On the 15th day of April, 1910, the appellant sold to Nelson-Johanson Mill Company, a corporation, hereafter called the mill company, upon a conditional sale contract, one pair of twin engines with complete equipment, for an agreed consideration of $2,150; $537.50 cash, the balance payable in five monthly installments of $322.50 each, evidenced by interest-bearing notes. The contract provided that, if the vendee failed to make any payment when it became due, the payments theretofore made should be deemed rental, and the “contract of conditional sale shall be forfeited and determined at the election” of the vendor. The vendee installed the engines in its sawmill near Tacoma. The respondent had mortgages upon all the property of the mill company, both real and personal, including the engines, to the extent of the full value of all of its property. On the 8th day of September, 1910, the mill company was adjudged a bankrupt and its property passed into the hands of a trustee. On the 28th day of December, 1910, the last two installments, aggregating, with interest, $681.55, were due and unpaid. On that day, the appellant assigned its conditional sale contract to the respondent and received as a consideration $1,185.95. When the assignment was presented to the appellant, and before its delivery, the following words were added in pencil: “which is guaranteed the balance due from the above mentioned company.” At the time of the assignment, the mill company owed the appellant upon a note and an account which were unsecured a sum equal to the difference between $681.55 and $1,185.95, that is, $504.40. The respondent sued for this difference, alleging that it purchased the engines for the balance due upon the conditional sale contract, which the appellant falsely and fraudulently represented to be $1,185.95, when in truth and in fact it amounted to only $681.55.
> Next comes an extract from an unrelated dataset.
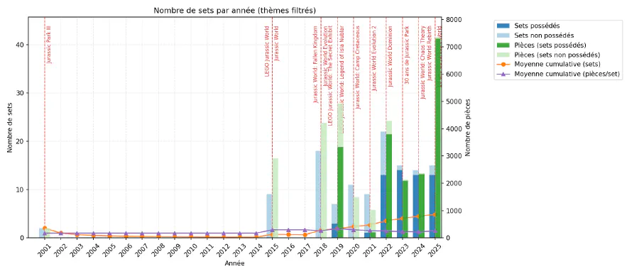Ces premières statistiques m’indiquent que je possède un peu moins de la moitié des sets sortis, mais un peu plus de la moitié des pièces correspondantes : j’ai donc acquis des sets un peu plus gros que la moyenne des sets filtrés. Il faut cependant noter que j’ai commencé ma collection assez tardivement, avec l’immense 75936, Jurassic Park: T. rex Rampage, acquis en 2021, soit 20 ans après le tout premier set consacré à ma saga préférée…

The court found the facts in favor of the respondent, and entered a judgment in its favor for the amount claimed. The court expressly found that the mill company had no property or assets of any kind with which to pay any part of the claims of the general creditors. This finding is conceded to be true by both parties. It also found, that the respondent, in order to retain the engines in the mill, agreed to pay the appellant the balance due and owing upon the conditional sale contract; that the appellant agreed to assign the contract to the respondent for such balance; that the appellant represented and warranted to the respondent that the balance due and owing upon the conditional sale contract was $1,185.95, when in truth and in fact the balance, including principal and interest, was $681.55; that respondent, relying upon the representations and believing them to be true “and not otherwise,” paid the appellant the sum of $1,185.95. The court deduced, as a conclusion of law, that the respondent was entitled to recover the amount paid to the appellant in excess of the amount actually due upon the conditional sale contract.

The respondent was required to sustain its allegations of fraud by clear and convincing evidence. We think that it did so. In fact, the evidence as we read it is overwhelming in support of the findings of the court. Prior to the execution and delivery of the assignment, a representative of the appellant wrote the respondent that it had a conditional sale agreement upon the engines, that it expected this claim to be paid in full, that it was entitled to take the machinery, and that it desired to avail itself “of that course unless we can obtain the money in full settlement of our claim,” and that it was unwilling “to take the chances of securing a purchaser [meaning at a trustee’s sale] who will pay enough to liquidate all the preferred claims.” In other correspondence it referred to this conditional sale contract and to its preferred claim. It mentioned no other claim. On the day the conditional sale contract was assigned, representatives of the appellant met with representatives of the respondent, and the only question discussed was the conditional sale contract and the amount due upon it. When the assignment of the contract was presented to the representative of the respondent who closed the deal in its behalf, he requested the appellant’s representative to insert a guaranty in the assignment that the $1,185.95 was the amount due upon the contract. In response to this request he wrote the penciled quotation. As we have said, the appellant at no time suggested its unsecured claims. The parties were negotiating concerning the conditional sale contract as a preferred claim.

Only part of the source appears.